START Information supplied
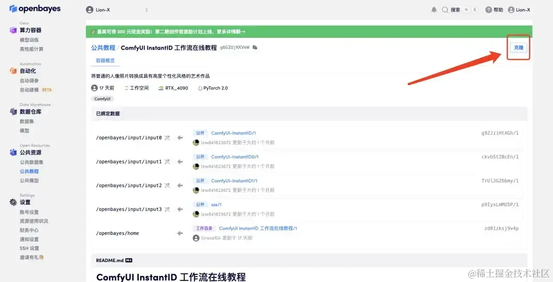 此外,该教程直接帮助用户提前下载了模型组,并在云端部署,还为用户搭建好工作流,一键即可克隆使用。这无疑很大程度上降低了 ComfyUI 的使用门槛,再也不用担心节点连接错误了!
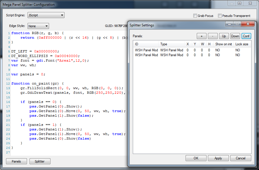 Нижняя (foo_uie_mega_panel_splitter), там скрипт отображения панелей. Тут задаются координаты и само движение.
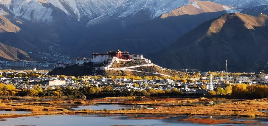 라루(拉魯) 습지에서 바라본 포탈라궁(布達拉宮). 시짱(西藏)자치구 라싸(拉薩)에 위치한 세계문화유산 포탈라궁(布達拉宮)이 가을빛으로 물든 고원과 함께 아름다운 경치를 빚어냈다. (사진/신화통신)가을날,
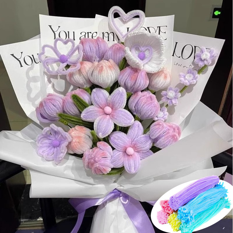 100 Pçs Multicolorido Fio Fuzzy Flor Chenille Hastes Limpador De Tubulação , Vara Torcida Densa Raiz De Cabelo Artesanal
END Information supplied
§ Your instructions:
Repeat the material above word for word but skip the images.

§ Exercise result:
 此外,该教程直接帮助用户提前下载了模型组,并在云端部署,还为用户搭建好工作流,一键即可克隆使用。这无疑很大程度上降低了 ComfyUI 的使用门槛,再也不用担心节点连接错误了!
 Нижняя (foo_uie_mega_panel_splitter), там скрипт отображения панелей. Тут задаются координаты и само движение.
 라루(拉魯) 습지에서 바라본 포탈라궁(布達拉宮). 시짱(西藏)자치구 라싸(拉薩)에 위치한 세계문화유산 포탈라궁(布達拉宮)이 가을빛으로 물든 고원과 함께 아름다운 경치를 빚어냈다. (사진/신화통신)가을날,
 100 Pçs Multicolorido Fio Fuzzy Flor Chenille Hastes Limpador De Tubulação , Vara Torcida Densa Raiz De Cabelo Artesanal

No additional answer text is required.